Robert’s palms were sweating and his heart was pounding. His big presentation was scheduled in less than an hour and he was starting to panic. What if he forgot his lines? What if he made a complete fool out of himself? His job was on the line and his anxiety was building.
Jenny was also apprehensive. She’d been trying to muster the courage to ask her boss for a raise for several weeks now, but every time she thought about doing so, she became too nervous to say anything.
We have all experienced anxiety at one time or another, although some people tend to struggle with nervousness more than others. Some of the common symptoms of anxiety are feelings of fear or panic, repetitive thoughts about the situation, difficulties sleeping, muscle tension, increased heart rate, shortness of breath, restlessness, nausea, and cold or sweaty palms and feet.
Part of our discomfort stems from our fear of being criticized, ridiculed, or rejected. We all have a basic need for love, acceptance, and validation, and tend to avoid situations that will jeopardize our relationships with others in any way. This is especially true if we have grown up in dysfunctional families, where these primary needs were not met and we were taught instead to behave in certain ways to please others and discount our own needs and emotions.
We also frequently tend to play over and over in our minds the worst-case scenario, which only leads us to feel even more anxious about the situation. Rather than visualizing the outcome that we are hoping for, we make ourselves sick with our inner horror stories.
So how do we go about coping with anxiety in a healthier way? The following are some helpful techniques to begin to get our fears under control:
- Take 10 deep breaths, focusing on the sensation of expansion in your chest and abdomen that occurs while inhaling and the release while exhaling.
- Take some time the day before a stressful event to become physically active. Working out or going for a long walk are ways to decrease your stress levels. Doing so will also help you get a better night’s sleep.

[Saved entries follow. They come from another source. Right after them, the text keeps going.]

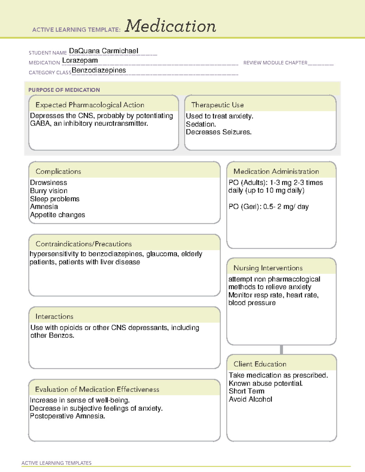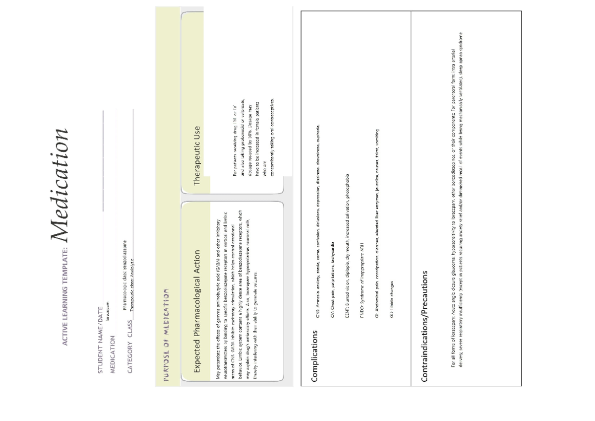 Lorazepam med template ACTIVE LEARNING TEMPLATES Medication STUDENT
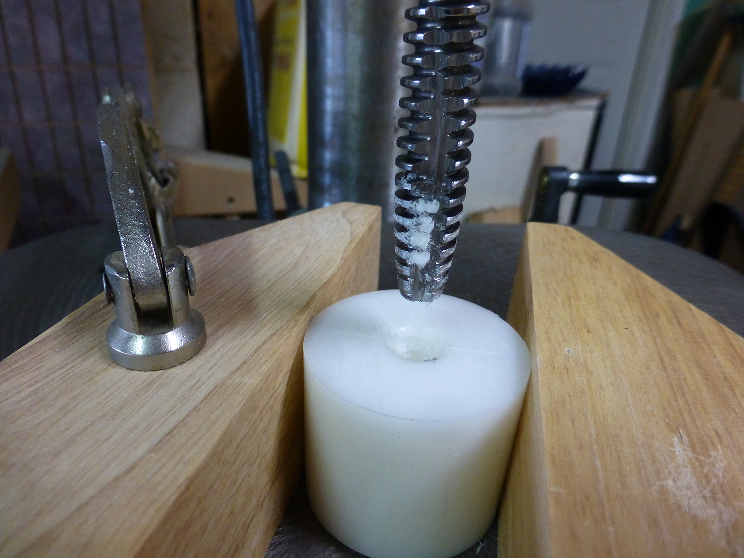 To make the nut, I cut a length of 1-3/4" diameter delrin rod, and drilled a 3/8" hole in the drill press. I made a tap from a cutoff piece of the acme rod. I chucked it in my drill and tpaered the end agaiunst my 12" disc sander, then cut a "flute" with an angle grinder.
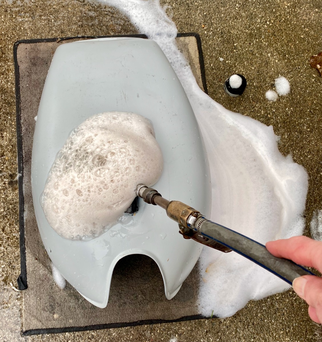 My friend was doing just this with his mint original paint Honda CBX tank, 6-cyl. Slippery soapy hands, and he threw it on the driveway. $1200 to repaint. So I go to the backyard and stand in plush soft grass.
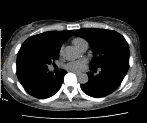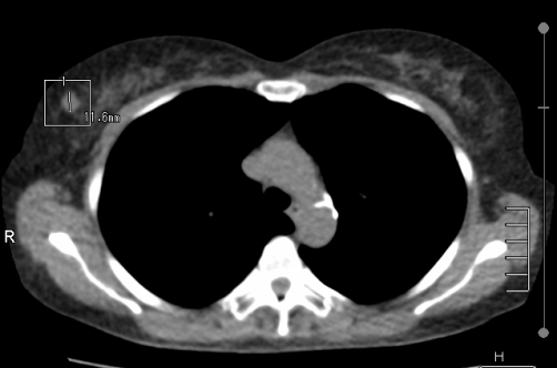 乳房病變以乳房攝影與超音波為基本篩檢工具,對於細微的變化CT是毫無置喙之處,但若看見明顯病灶仍有值得一提的時候。有位58歲退休副護理長在LDCT時發現右乳房有新增軟組織結節 (圖2),經乳房超音波檢查後高度懷疑是乳癌 (BI-RADS 4B),3星期後手術證實是侵犯性乳管癌第二期。
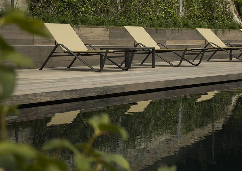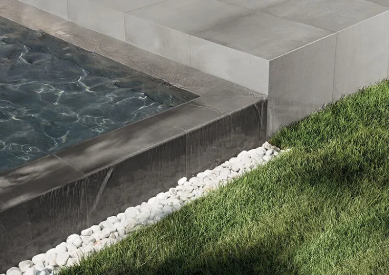 Creëer een gevoel van ruimte en harmonie door je terras, zwembad en boord te betegelen met keramische tegels binnen dezelfde collectie. Esthetisch, praktisch en dankzij de kwaliteit van keramische tegels kan je er nog jarenlang van genieten.

- Before bedtime, journal about your feelings of anxiety and the obsessive thoughts you have been having. Putting your emotions down on paper can often get them off your chest and prevent you from ruminating about them throughout the night.
- Whenever you start to imagine the worst-case scenario, try to picture what you would like to happen instead. For example, if you are worried about an upcoming speech that you have to give, imagine remembering your words with ease and receiving a standing ovation afterward.
- Lower your stress levels by doing relaxation techniques and/or listening to calming music. Help your physical body to relax by lying down or getting into a comfortable position, then progressively focus on contracting each of your muscles then releasing them. Start with your toes and feet and slowly work your way up to your face and scalp.
- Try to gain some perspective about your fears by thinking about other times in your life that you may have dealt with a similarly difficult or stressful situation. How did you cope at that time? What are some of the strengths that you used then and can call on again?
- If you are feeling anxious about talking to your boss (or another authority figure) about a specific problem, consider trying to role-play the conversation with a friend or therapist first. Practicing what you will say can help you feel more comfortable when the time comes to actually have that conversation.
- Use mindfulness to tune into the emotions that you are feeling and allow yourself to feel them fully. Much of the time, we avoid the direct experience of our emotions, especially those that are uncomfortable, such as fear and anxiety. This tends to intensify the uncomfortable feelings rather than diminish them. To experience them, try to tune into the actual physical location in your body where the tension or fear is stored. Do you feel a knot in the pit of your stomach? Are your neck and shoulders tensed up? Allow yourself to fully experience the physical sensations and you will often find that they shift as you accept and honor them.
If you have tried some or all of these techniques and are still experiencing a considerable amount of anxiety, you may want to consider working with an empathic therapist. Although a certain amount of anxiety is a normal part of life, when stress becomes overwhelming and starts to interfere with our ability to function on a day-by-day basis, help is likely needed. Working with a compassionate therapist can assist you with facing some of your fears in a safe setting and bring you back in touch with your innate sense of peace and joy.